A cross-functional task force conducted a root cause analysis and concluded that the data analytics team was not sufficiently resourced to handle the number of queries, the data itself lacked significant structure and consistency, and the report generation process was executed almost exclusively by hand. To make the data reporting system work, it would have to be automated.
Amman Express leadership chose Axiom Solutions, an outside IT consultant, to identify and implement an automated solution. Axiom proposed a solution built on generative AI, using a Large Language Model (LLM) specifically engineered to understand massive amounts of text data and perform language-based tasks.
Axiom proposed that Amman Express stand up an LLM behind the company's firewall and give it context of their internal data. The LLM would form the core of a platform that franchise owners could ask questions of and receive accurate, easy-to-understand answers within seconds. Franchise owners could better understand their businesses, compare themselves against peers and regions, and better manage their supply chains using actual data.
The existing Amman Express data had to be cleansed and brought together in a data lake, a flexible, centralized platform for storing all types of data. Axiom worked with over eight Amman Express teams to migrate their data and add meta-tags, improving its usability.
The AI installation project on the Google Vertex AI platform involved containerizing the AI, ensuring its operability within the secured bounds of their Google Cloud instance. The subsequent phase involved developing an orchestration layer, empowering the AI to emulate a data analyst adept at addressing franchisees' data queries. The project culminated in an AI system that responded to franchisee inquiries with high precision and speed.

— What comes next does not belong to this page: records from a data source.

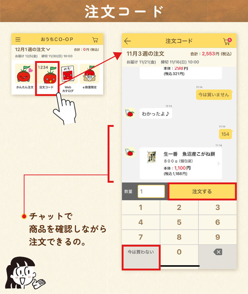 注文コードを選ぶと、チャット画面が登場します。注文コードを入力すると商品情報が出てくるので、数量を入れ、「注文する」をタップすると注文が完了します。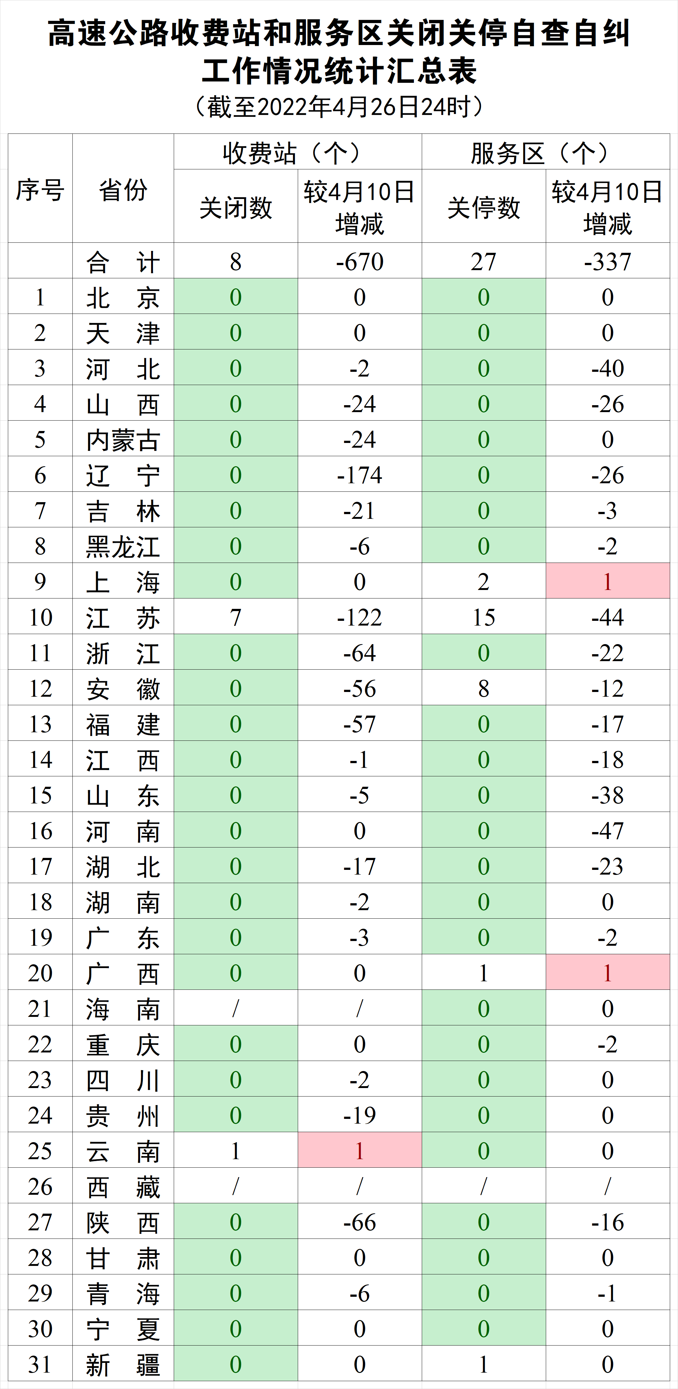 根据各省(区、市)上报数据汇总统计,受疫情影响,截至2022年4月26日24时,各省(区、市)高速公路共关闭收费站8个,占收费站总数的0.07%,比4月10日减少670个,下降了98.82%;共关停服务区27个,占服务区总数的0.41%,比4月10日减少337个,下降了92.58%。除西藏(无高速公路收费站和服务区)外的30个省(区、市)中,北京、天津、河北、山西、内蒙古、辽宁、吉林、黑龙江、浙江、福建、江西、山东、河南、湖北、湖南、广东、海南、重庆、四川、贵州、陕西、甘肃、青海、宁夏等24个省份已无关闭关停的高速公路收费站和服务区。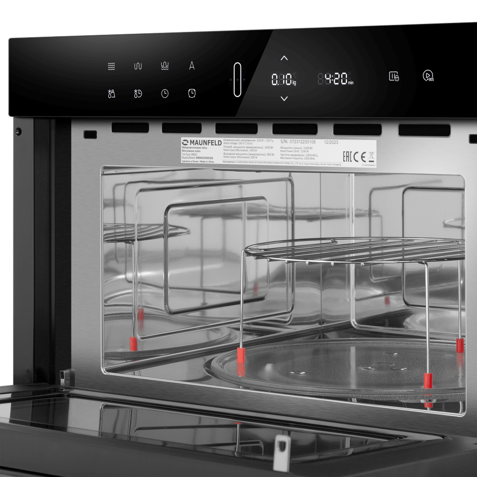 Микроволновая печь Maunfeld с горизонтальной панелью управления органично впишутся в интерьер Вашей кухни. Стеклянная дверца открывается сверху вниз, как в духовых шкафах. Рабочая камера этой печи имеет большой объём 34 л.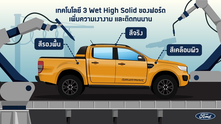 แน่นอนว่า รอยขีดข่วน สีแตกกระเทาะ และสนิม เป็นสิ่งที่ทำให้คนรักรถไม่สบายใจ สำหรับฟอร์ด นอกจากเราจะให้ความสำคัญกับมาตรฐานเรื่องสีรถเป็นอย่างมากแล้ว เรายังให้ความสำคัญในการทำให้สีรถติดทนนานเพื่อให้รถมีสีสันสวยงามตลอดอายุการใช้งาน ด้วยเทคโนโลยีการพ่นสีพิเศษแบบ 3 Wet (3-Wet Paint Technology) หรือการพ่นสีทับกัน 3 ชั้น และอบสีเพียงครั้งเดียว โดยสีที่ใช้เป็นสารเคมีที่มีความเข้มข้นสูง จึงทำให้มีพื้นผิวหนาและแข็งแรงมากยิ่งขึ้น ทนทานต่อการขีดข่วน การแตกกระเทาะและป้องกันการกัดกร่อนของสี ทำให้สีมีความเงางาม และมีความหนา คงทนได้นานขึ้นถึง 56 เปอร์เซ็นต์

A training program for franchisees and corporate staff was rolled out 30 days before launch, focusing on introducing the new application, core AI and NLP concepts, interacting with the AI, customizing the dashboard, and providing feedback to the AI. Hands-on workshops and ongoing support ensured users were equipped to effectively use the application.

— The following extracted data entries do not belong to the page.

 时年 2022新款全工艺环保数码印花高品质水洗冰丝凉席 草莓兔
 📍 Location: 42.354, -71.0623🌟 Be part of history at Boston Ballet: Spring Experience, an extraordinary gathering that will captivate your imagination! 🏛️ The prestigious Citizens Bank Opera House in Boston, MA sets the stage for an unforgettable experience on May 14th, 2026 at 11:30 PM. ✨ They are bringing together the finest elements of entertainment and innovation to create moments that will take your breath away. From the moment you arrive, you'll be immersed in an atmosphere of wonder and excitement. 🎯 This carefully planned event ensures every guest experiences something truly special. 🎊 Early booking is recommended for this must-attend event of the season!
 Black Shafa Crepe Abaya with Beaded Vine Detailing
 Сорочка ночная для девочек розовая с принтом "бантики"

Impact on Franchisees: Franchisees gained significantly faster access to data, enabling them to make better business decisions. Initial skepticism transformed into enthusiasm as they engaged with data more confidently.

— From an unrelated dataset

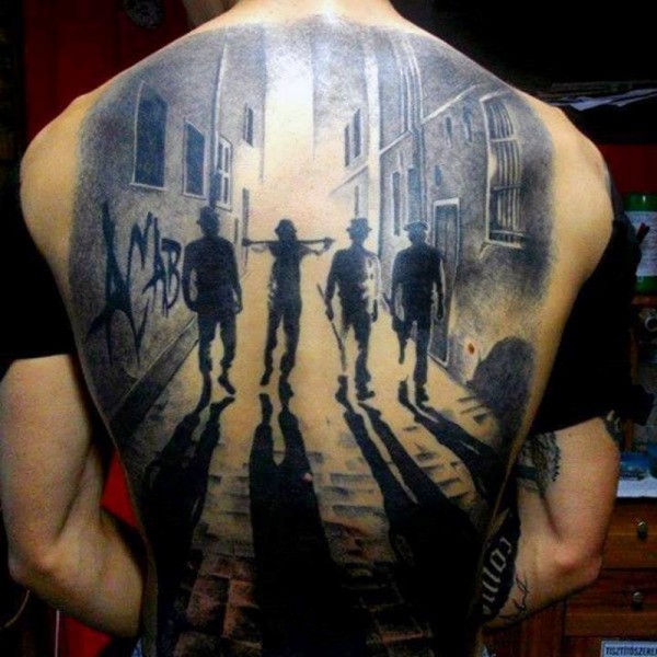 背部很酷的黑白暴徒与夜间城市纹身图案

Impact on Data Analyst Team: The data analyst team was freed from routine query generation and data retrieval, allowing them to focus on deep-dive analysis and strategic initiatives. Analysts moved into a more advisory role, fine-tuning insights and guiding franchisees in understanding complex data trends.
Impact on Business Intelligence Team: The BI team became more agile, allowing them to collaborate more effectively with franchisees and tailor intelligence reports to address specific needs.
Impact on Overall Business: Streamlined decision-making, based on accurate and swift data interpretation, became the norm in several key areas. Franchisees, with direct access to customized insights, could drive local innovations. A follow-up internal study found tighter alignment between operational efficiency and strategic goals, with the AI assistant playing a central role.
The successful implementation of generative AI at Amman Express highlights the potential of AI in the QSR industry. Key takeaways include empowering franchisees with data access and informed decision-making, enhancing data analytics by automating tasks and freeing up human expertise, improving collaboration between franchisors and franchisees, and creating dynamic business intelligence for faster, more responsive decision-making. As AI technology continues to evolve, QSRs that embrace its potential will be well-positioned to thrive in a competitive landscape.